Go back to 1920 and the beach was neatly piled with sacks of cocoa, waiting for surf-boats to take them to freighters anchored offshore. In 1928 the cocoa-shipping business shifted a four-hour drive west to Takoradi, where the new port had opened and allowed ships to dock.

Tentative translation from the Yoruba: "Mawu (the creator-goddess), Deliver Me."

Plenty of sects to choose from. Eye Ogya comes from a Nigerian one that translates as Pentecostal Fire.

A third of a mile closer to Central, Ussher Fort.

The Dutch built their first fort on this site in 1648. An earthquake in 1862 destroyed its replacement. The British took over in 1868, rebuilt the place again, named it after Governor Henry Usher, and repurposed it as a prison, which it remained until 1993. The gateway trimming was added by Gordon Guggisberg, probably the Gold Coast's most productive governor.

Accra Central, with the post office on the left.

Things have perked up a bit since Wright came by: "Early next morning I found a taxi at the roadside and went into the city. I got out at the post office. There were no sidewalks; one walked at the edge of a drainage ditch made of concrete in which urine ran. A stench pervaded the sunlit air."

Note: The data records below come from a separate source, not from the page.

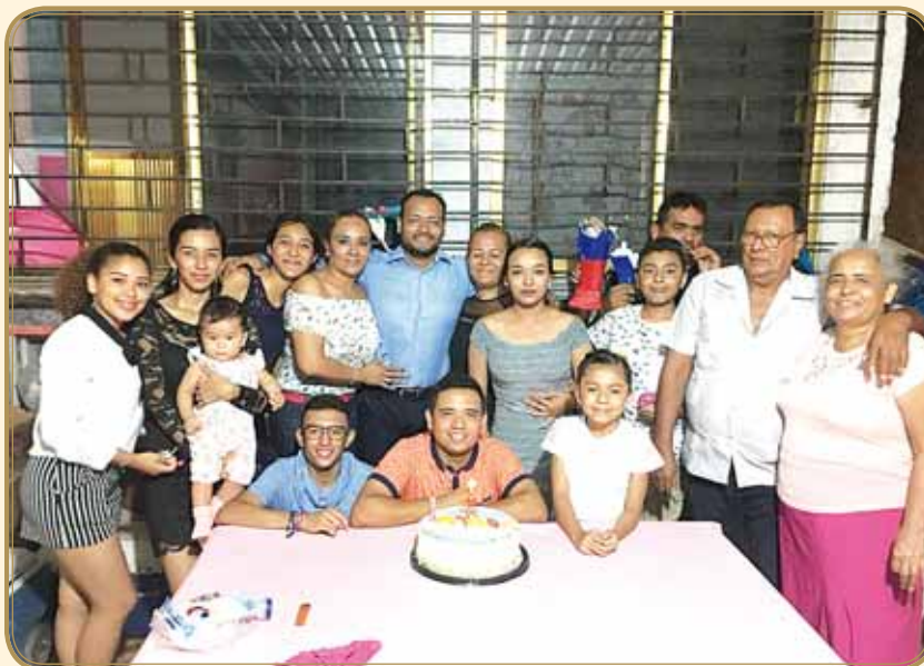
▶ Acompañado de sus padres, hermanas y demás familiares.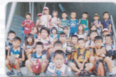
（8月30日 宇宙科学館にて）

8月30日（月）、敵木の児童クラブの子ども達が、夏休み行事の中で一番楽しみにしている「3クラブ合同のバス旅行」を実施しました。行き先は、県立宇宙科学館（武雄市）です。科学実験を楽しんだり、特別展の恐竜の化石にさわったり、持参のお弁当をおいしく味わったりで、子ども達は少々興奮ぎみでした。宇宙体験を無事終え、宿題の絵日記や、作文の題材もできあがりしました。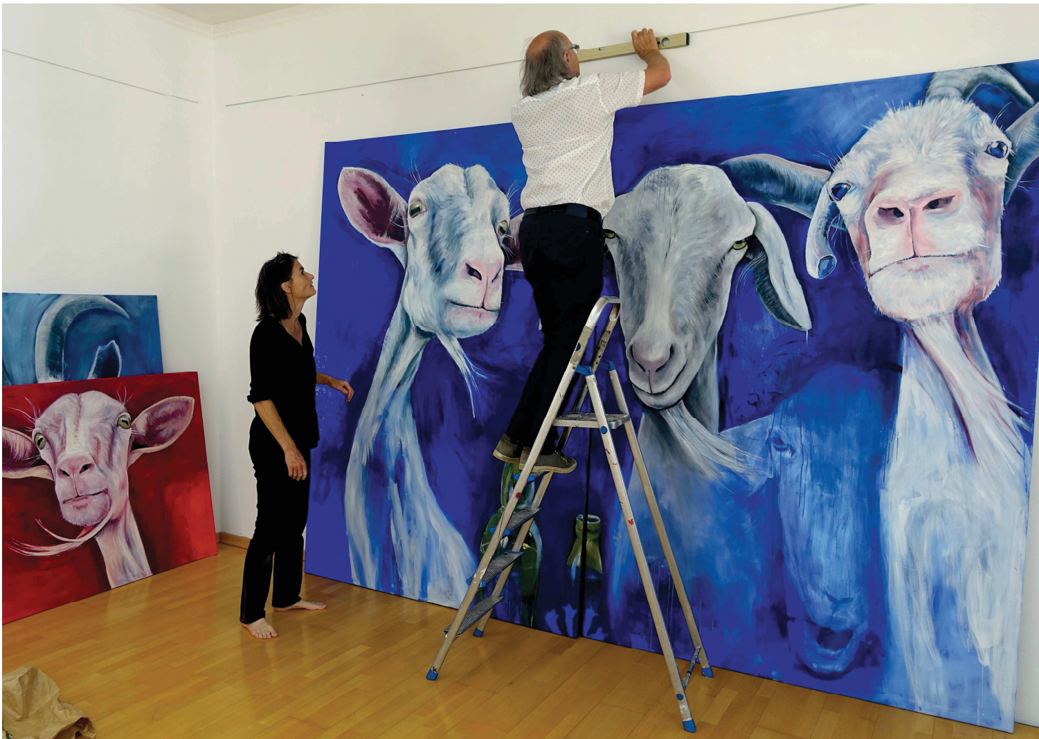
Ausstellungsansicht, Hängung | Exhibition View, Installing "...blüht der Enzian" Museum Moderner Kunst Niederösterreichs | NOEDOK Juni - September | June - September 2019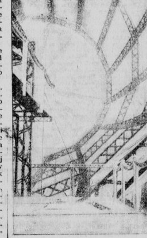
Notranjščina orjaškega zrakoplova ki bo plul med Londonom in Newyorkom preke Montreala in bo napravil svojo turo v 86 urah tj. in nazaj.

Katoliška univerza v Pekinu je dobila državno odobrenje in priznanje naučnega ministra kitajske vlade. To je prvi slučaj v zgodovini kitajske, da je katoliški zavod za višjo izobrazbo vlada javno priznala. Vski dobe lastno nadškofijo. V slovaških krogih so se že splošno zedinili, naj bo sedež nove nadškofa Bratislava. Nadškof naj bi dobil za svojo rezidenco palačo bivškega nadvojvode Friderika. Kot oseba, ki ima največ upanja, da zasede nadškofovski stolec, se imenuje slovaški škof K. Ameko.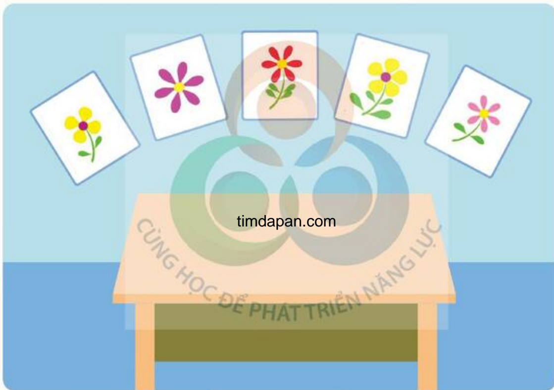
Hình tham khảo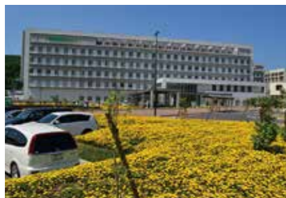
4. 浜田医療センター

島根県松江市上乃木5丁目8-31 https://matsue.hosp.go.jp/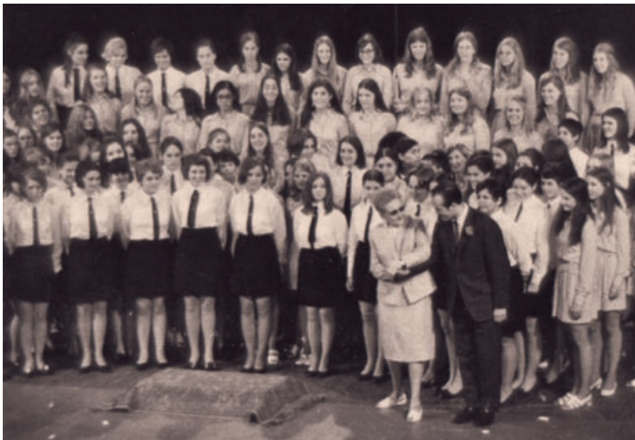
A két kórus és karvezetők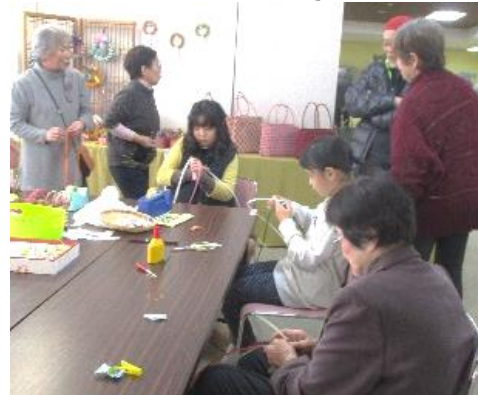
*手作りおもちゃの会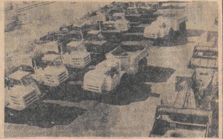
ZSRR: Na wielu budowach w całym Kraju Rad pracują ciężarówki o nazwie MoAZ z zakładów samochodowych w Mohylewie (Białoruska SRR). Ostatnio w fabryce przyszyła produkcja 20-tonowych wywrotek, a w przygotowaniu jest model 22-tonowy. Wywrotki z Mohylewa są eksportowane do 15 krajów.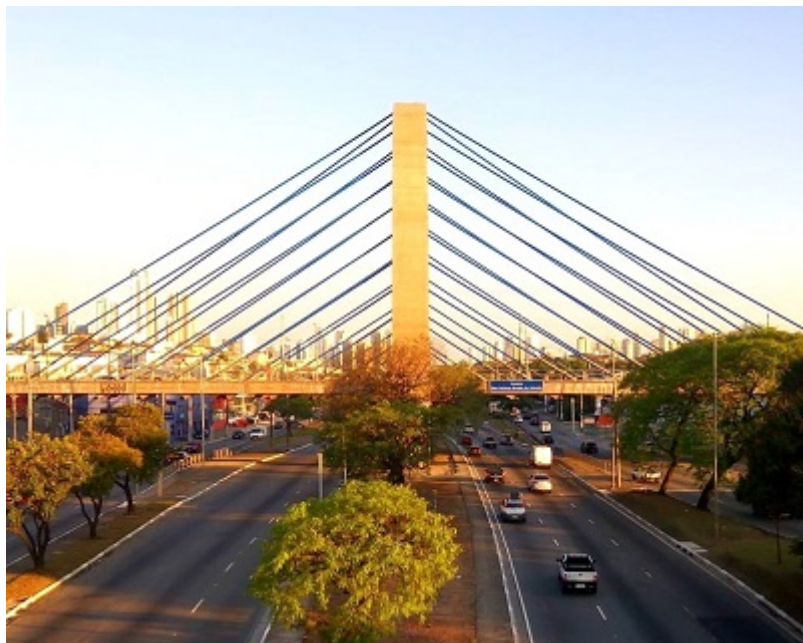
Viaduto Dom Luciano Mendes de Almeida na Zona Leste de São Paulo (SP).

O Senado Federal aprovou na tarde desta quarta-feira, 16 de outubro, o Projeto de Lei (PL) nº 6.571, de 2019 que nomeia um trecho de 80 quilômetros da BR-356 com o nome de “Rodovia Dom Luciano Pedro Mendes de Almeida” . O pedaço situa-se entre o entroncamento com a BR-040 e a cidade de Mariana (MG). Com a aprovação, a lei segue para sanção presidencial.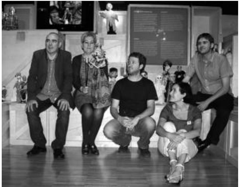
Tolosa-Donostia hautagaitza defendatuko duten erakundeetako ordezkariak, Topic zentroan. I.G.L.

Txinan egingo duten hautagaitzaren aurkezpena berezia izango dela esan zuten, ezustekoak prestatu baitituzte. Bestalde, orain gutxi Topic museoa Silleto saria jaso izana goraipatu zuten eta horrek izendapena jasotzeko aukerak zabalduko dizkiela esan zuten. Tolosa-Donostiarekin batera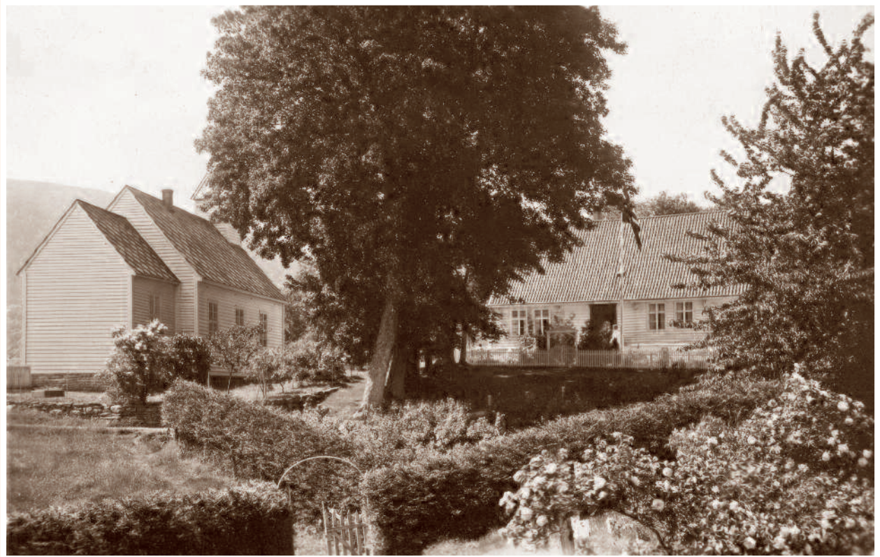
Prestegården med flaggstang og hageport, rundt 1900.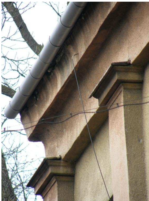
Zdjęcie nr 17 – zdobienia elewacji, fragment gzymsu, kolumny i orynnowanie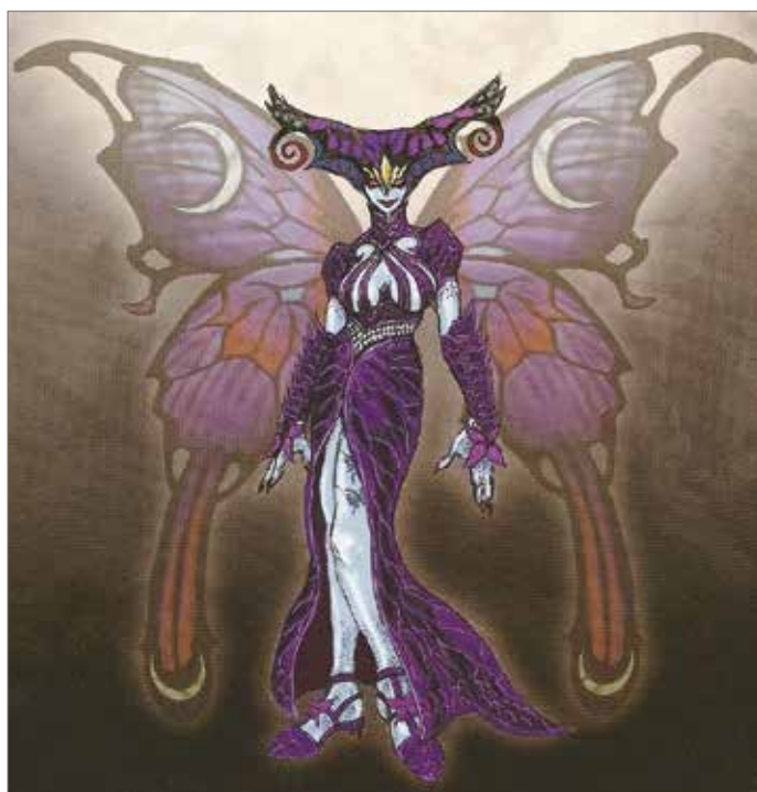
Madama Butterfly.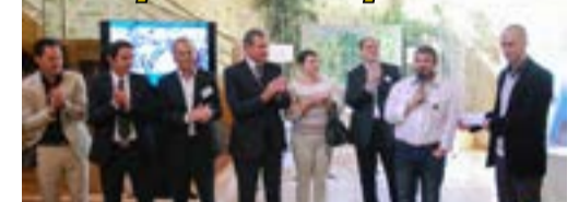
Plus de 40 exposants étaient présents à la ferme du Manet les 18 et 19 octobre pour la 12 e édition d'Art Manet. Celle-ci a permis de remettre 2000 euros à l'association de Guyancourt « Du fun pour tous » grâce aux bénéfices récoltés lors de l'édition 2013 de la manifestation.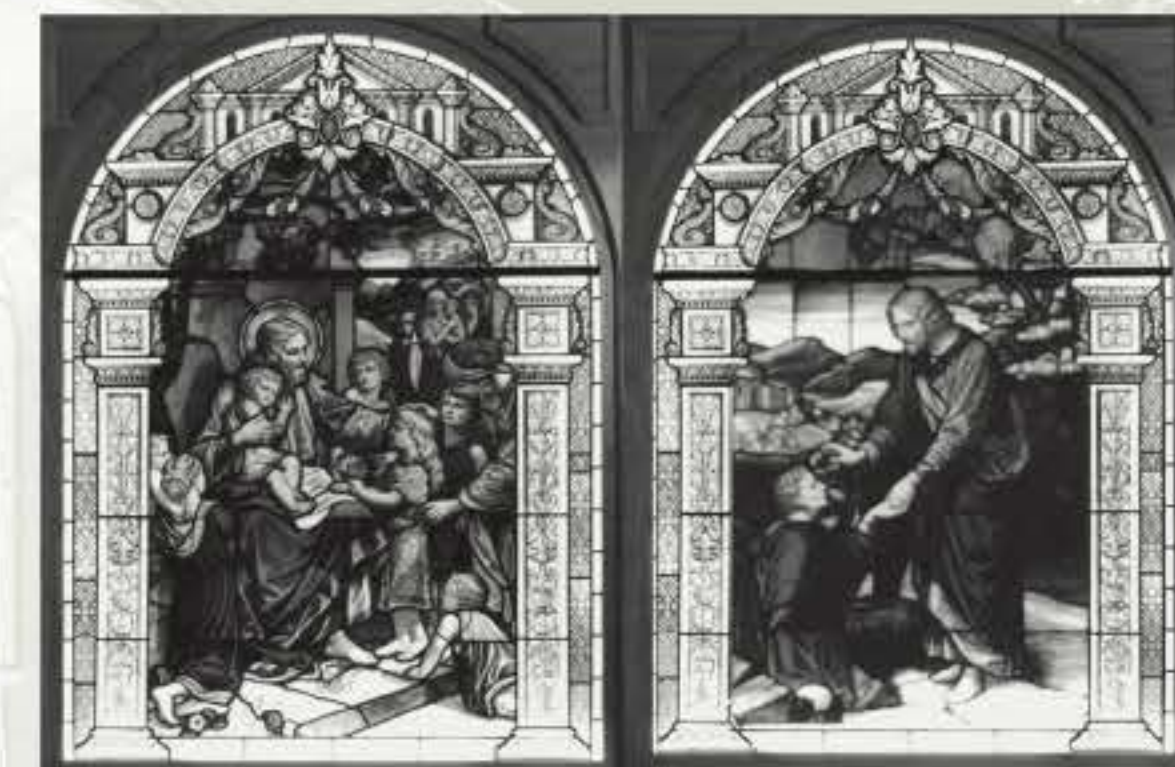
Vitraux installés dans le chœur de l'église presbytérienne de 1921 à 1981.

Finalement, après avoir abrité une congrégation pentecôtiste de 1971 à 1981, la petite église change complètement de vocation et devient un édifice commercial.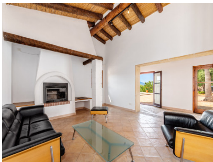
Salón con chimenea

Most buildings in the area remain in poor shape.

Where's that lawyer I'm paying for?

Here's a building in good shape.

A bit of style, from perhaps 1950. The ghostly initials may refer to the United Trading Company.

Another bit of moderne.

A picture that had to be taken on a Sunday. Understand?

This one, too. What it lacks in charm it makes up for with ventilation.